Она, как мне кажется, в поэзии - одна из самых петербургских. Не темами, не соблюдением каких-то никем не сформулированных традиций, (или хотя бы нарушением их) а по тому духу стихов, что формулировке не поддаётся. Смутно ощутимый пунктир от самого Державина, и до начала ХХ1 века…

А в ХХ веке – разветвившаяся молния высветила петербургскую поэтику короткой вспышкой истинного «акмэ» русской поэзии – за все два с половиной века, что существует стих по-русски. Эта молния невообразима без гранита, без белых колонн и охристых стен Питера. После акмеистов не осталось школы-продолжения. Но нет ни одного значительного поэта, который не пробовал бы мир по-акмеистски, на ощупь и на вкус. (Всякий абсурд и полуабсурд, да и всякая, вторично за Хлебниковым идущая, корявая имитация поэзии тут не в счёт: сколько бы к ней ни обращались, это всегда в лучшем случае лабораторная работа, а то и вовсе платье голого короля).
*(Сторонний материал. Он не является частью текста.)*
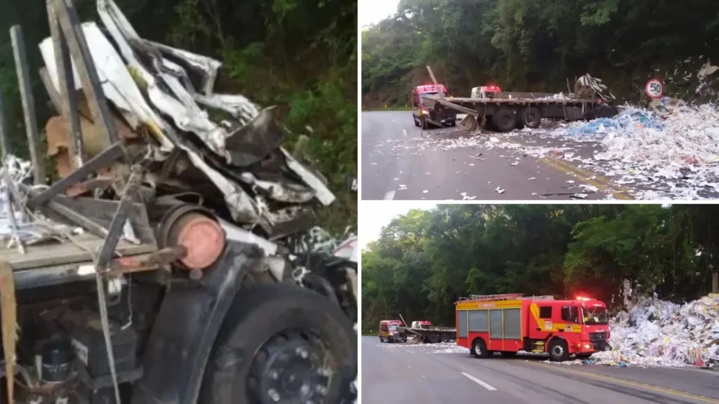 O caminhão, com placas de Benedito Novo/SC, perdeu o controle na descida e acabou fora da pista, espalhando parte da carga pela rodovia.

Раиса Вдовина одна из тех, кто продолжает «петербургскую поэтику, дотянувшуюся не только до шестидесятых годов, но и и доныне. Ведь прежде всего благодаря Мандельштаму» (В. Вейдле 1978 г.).

Субъективные, как утверждение Мандельштама, что снег пахнет яблоком, её стихи успевают вызвать удивление, но не успевают вызвать возражений:

Кто этой ночью бедовал,
Тот стоил трав и скал,
А кто со мною враждовал –
Тот навсегда проспал…

Стихи Вдовиной, ни одним словом о Мандельштаме не напоминающие, более близки к нему, чем у поэтов, почти цитирующих его: вот у А. Вознесенского есть строка «Пахнет яблоком снежок». У Галича – « и снег опять запахнет яблоком»… (Но обе эти строки неорганичны: ведь образ чем субъективнее, тем более запретен для повторений). А у Вдовиной тут происходит то же, что в переводе: дальше от буквы – ближе к духу. Вот «Петергофские фонтаны»: (для точного разговора их надо привести тут полностью).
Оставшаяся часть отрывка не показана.